Campfire Safety Tips
July 11, 2023
Enjoy the great outdoors safely with our top campfire safety tips. Learn how to prevent accidents and protect yourself and the environment with guidance from the WFCA.
Fire is a useful tool to heat food, keep warm, and gather around for stories and songs while camping. However, campfires are still a danger in nature, especially if they grow out of control and start wildfires. You can help protect natural landscapes by ensuring campfires are safe and contained.
Why Campfire Safety is Important
In the United States, humans cause over 90% of all annual wildfires.1 A 2020 study of wildfires in California found that wildfires caused by humans have more extreme fire behavior, moving quickly and burning more intensely than wildfires with natural causes. This destroys more trees and vegetation, even in ecosystems that have adapted for regular fires.2 Maintaining control of any potential fire hazards is the best way to protect nature while camping and enjoying the great outdoors.
Top 6 Tips for Campfire Safety
Tip #1 – Know the local fire dangers and restrictions
Some states require campfire permits, and areas may have restrictions on campfires or portable stoves when there is a high risk of fire.3 Make sure to check the local wildfire risk level and if there are any burn bans. There may be signs posted, and a ranger’s station will have current campfire regulations.4
Tip #2 – Keep the area around the campfire clear
Many campsites have firepits or metal fire rings so guests can build a campfire without the fire spreading. Make sure there are no limbs or branches hanging over the pit and nothing flammable on the ground within 10 feet of the fire. Consider how to protect the fire from wind gusts. Build your campfire downwind and 15-25 feet away from your tent and other combustible materials.
If you are camping in an area without a firepit, dig a pit in an open area away from overhanging branches that could catch fire. Circle the pit with rocks, keeping the 10-foot area around the pit clear of any potential fuels.5
Tip #3 – Build a safe campfire
Use local firewood to start a fire, either by collecting your own wood or buying it in the area. Insects and diseases can live on firewood, and burning outside wood may introduce harmful pests into forests.4 You should not cut trees or branches for fuel; live materials will not burn.6
Start your campfire with dried leaves, grass, or other tinder, then add additional small twigs and sticks as kindling. Never use lighter fluid, gas, or other flammable liquids to start a campfire. As the fire grows, add larger pieces of wood that will burn for longer and put off more heat.4 A small, contained fire will produce plenty of heat for cooking and warmth.
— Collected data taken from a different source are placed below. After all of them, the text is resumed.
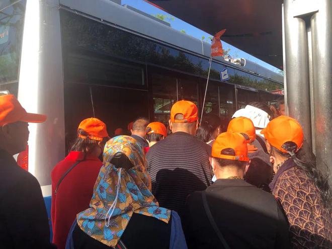 好不容易等到游客都上了车,隔着车窗一看,红帽子、红马甲,车里已经是红彤彤的一大片,几乎占满了车厢。 临近晚高峰,站台上不光有游客,很多市民陆续来乘公交车回家。看着眼前这通乱,一些人无奈只好再等下一辆车。
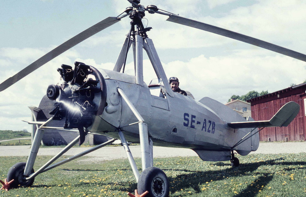 Rolf Broberg: Arvid Gullberg i sin, eller egentligen flygklubbens autogiro SE-AZB. |
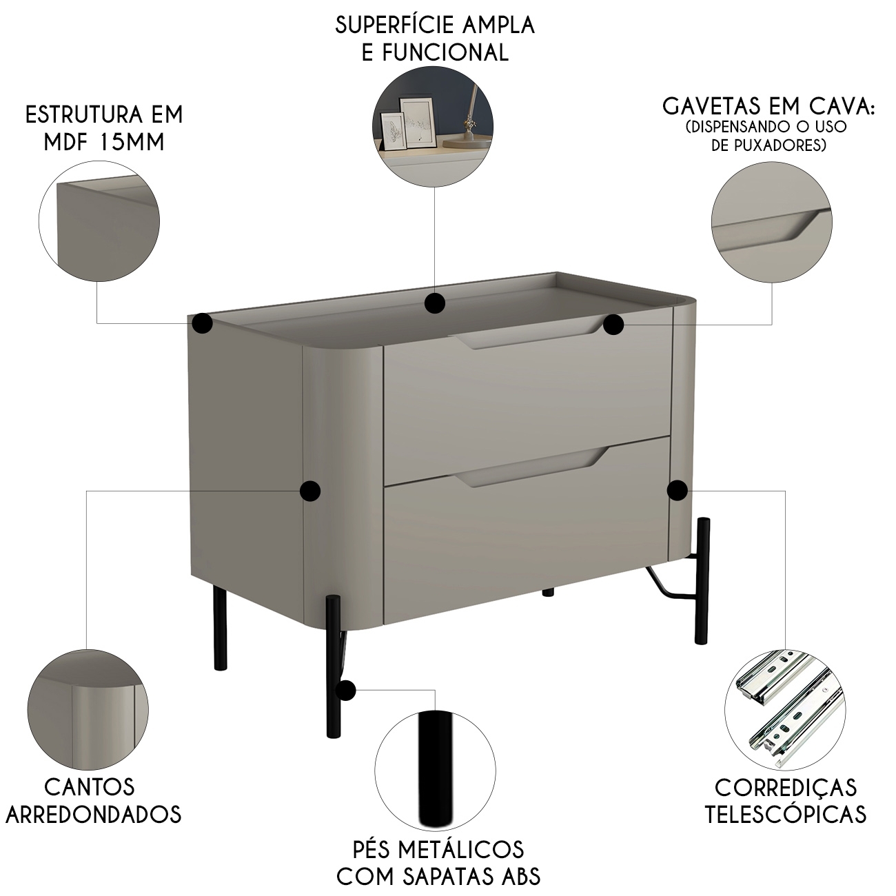 Mesa Cabeceira Quarto 68cm 2 Gavetas Becca Grigio/Preto I06 - Mpozenato
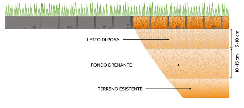 Letto di posa con 5-10 cm di miscela di sabbie vulcaniche arricchita con terriccio e concimi organici (granulometria 0-5 mm) stesa e ben battuta per avere un perfetto livellamento

Tip #4 – Be aware of your fire’s surroundings
In the U.S., campfires are the leading cause of children’s camping injuries.4 Do not allow children or pets around the campfire without supervision. Kids should never play with the campfire or pull sticks out of the fire. Do not allow anything but wood to go into a burning fire.7 You should also avoid lighting campfires on dry, windy days; it is easy for fires to spread out of control under these conditions.8
Tip #5 – Keep fire extinguishing materials close at hand
When starting a campfire, have a bucket of water nearby to extinguish any flames that may get out of control. You can also water down the area a few feet around the firepit, so if stray embers or flames escape, they will not be able to catch the area on fire. Shovels help break up flammable materials in a campfire, which will reduce the amount of time it takes to burn itself out. Burying a fire in sand or dirt will extinguish and cool the embers.
Tip #6 – Never leave a fire burning unattended
Make sure you put your campfire out completely if you are going to bed or leaving the site, even if it is only for a short hike. Douse the campfire with water or dirt, stir the charcoal and embers with a shovel, and douse it again until cool.9 Test the doused fire with the back of your hand—if it is too hot to touch, it is not completely extinguished.5
- ABC 10, “Report finds humans have caused nearly 96% of U.S. wildfires in 2022.” Accessed June 26, 2023.
- American Association for the Advancement of Science, “Human-sparked wildfires are more destructive than those caused by nature.” Accessed June 26, 2023.
- Cal Fire, “Campfire Safety.” Accessed June 26, 2022.
- ReserveAmerica, “Top 10 Tips for Campfire Safety.” Accessed June 23, 2023.
- Recreation.gov, “Campfire Safety Tips.” Accessed June 23, 2023.
- Smokey Bear, “How to Maintain & Extinguish Your Campfire.” Accessed June 27, 2023.
- Smokey Bear, “Campfire Rules.” Accessed June 26, 2023.
- National Fire Protection Association, “Campfire Safety.” Accessed June 26, 2023.
- U.S. Department of the Interior, “10 Tips to Prevent Wildfires.” Accessed December 20, 2022.